What Is The Hardest Hardwoods
The most durable flooring woods will be hardwoods such as oak walnut ebony maple ash and pecan.
What is the hardest hardwoods. Softwoods such as fir pine and hemlock rarely work well as flooring materials except in a shop or utility area. The janka hardness scale ranks wood for density and is a reliable indicator of floor durability in regard to hardness and denting the higher the rating the more resistant the floor is to dents scratches and wear. Because hardness is an important factor and hardness.

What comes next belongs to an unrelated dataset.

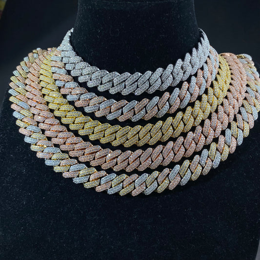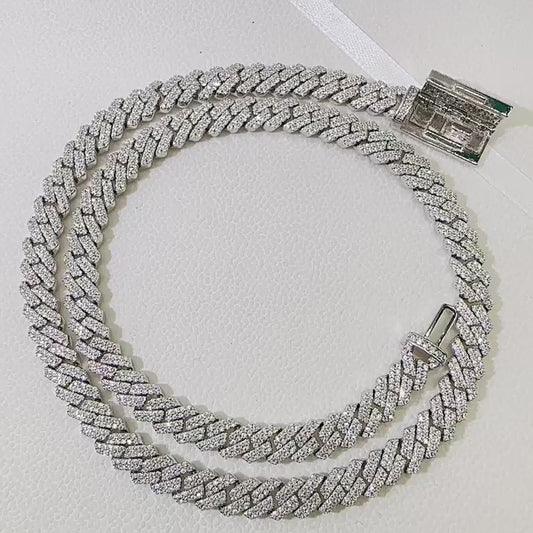 925 silver Moissanite 8mm Prong Cuban chain and Bracelet

Generally acknowledged as the hardest wood lignum vitae guaiacum sanctum and guaiacum officinale measures in at 4 500 pounds force lbf on the janka scale.

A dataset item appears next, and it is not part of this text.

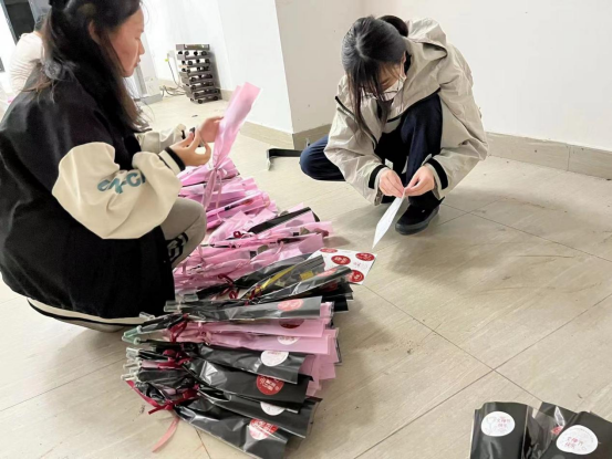 3月7日晚20时,伟德国际1946团总支·员工会部分工作人员在行政楼103教室为节日的送花工作做准备。工作人员认真清点并整理花束,细心地在每一束花上贴上对老师的祝福语贴纸,每一支认真贴好摆放的花束都代表着同学们向女教师们送去了衷心的祝福,表达了公司对女教师们做出的努力和成绩的肯定展现出人文关怀。

Red oak one of the most common hardwood flooring species ranks 1 290. The most common test for testing wood hardness is known as the janka hardness test. And while this example lists just some of the most popular hardwood species there are hundreds of varieties representing the north american hardwood population. The hardest commercially available hardwood is hickory and it is five times harder than aspen one of the soft hardwoods.
The actual number listed in the wood profile is the amount of pounds force lb f or newtons n required to imbed a 444 11 28 mm diameter steel ball into the wood to half the ball s diameter. This light colored wood is seen almost as frequently as oak and is usually not stained a dark color but is kept a natural whitish cream or sometimes stained an amber yellow it s commonplace in furniture flooring trim and in places where a pale light colored wood is needed. For the hardest woods you need to look for exotics not domestics. That s more than twice as hard as osage orange one of the hardest domestic woods at 2 040 lbf and more than three times harder than red oak at 1 290 lbf.

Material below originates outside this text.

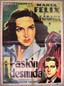 Beautiful Mexican film poster features a classic image of Maria Felix -- perhaps the biggest star in the history of Mexican cinema. The onesheet also pictures a stylized image of a nude woman -- possibly also Ms. Felix. A lovely poster with vibrant coloring. This is a lightly used poster with mild wear and some tape on back reinforcing separation at the center folds, resulting in slight marks of discoloration on the front. Also, someone wrote the film title on the back of the poster, and the lettering has bled through a bit and is now partially visible on the front -- near the word PASION in the title area. However, this flaw is not very distracting, and it could be repaired with minor restoration. Otherwise, the colors are clean and bright and the poster looks great... This movie starred Maria Felix, Carlos Thompson, Eduardo Cuitino and Hector Calcano. $60 |

The wood from hardwood trees tends to be harder because the trees grow at a slower rate giving the wood its greater density. This happens to be generally true but there are exceptions such as in the cases of wood from yew trees a softwood that is relatively hard and wood from balsa trees a. Classifying wood as either a hardwood or softwood comes down to its physical structure and makeup and so it is overly simple to think of hardwoods as being hard and durable compared to soft and workable softwoods. Some hardwoods are becoming very hard to find and are being harvested without concern to their eventual extinction brazilian rosewood comes to mind.
Not only is this hard on the environment it drives the price of the wood so high that making furniture out of it is out of the question for most woodworkers.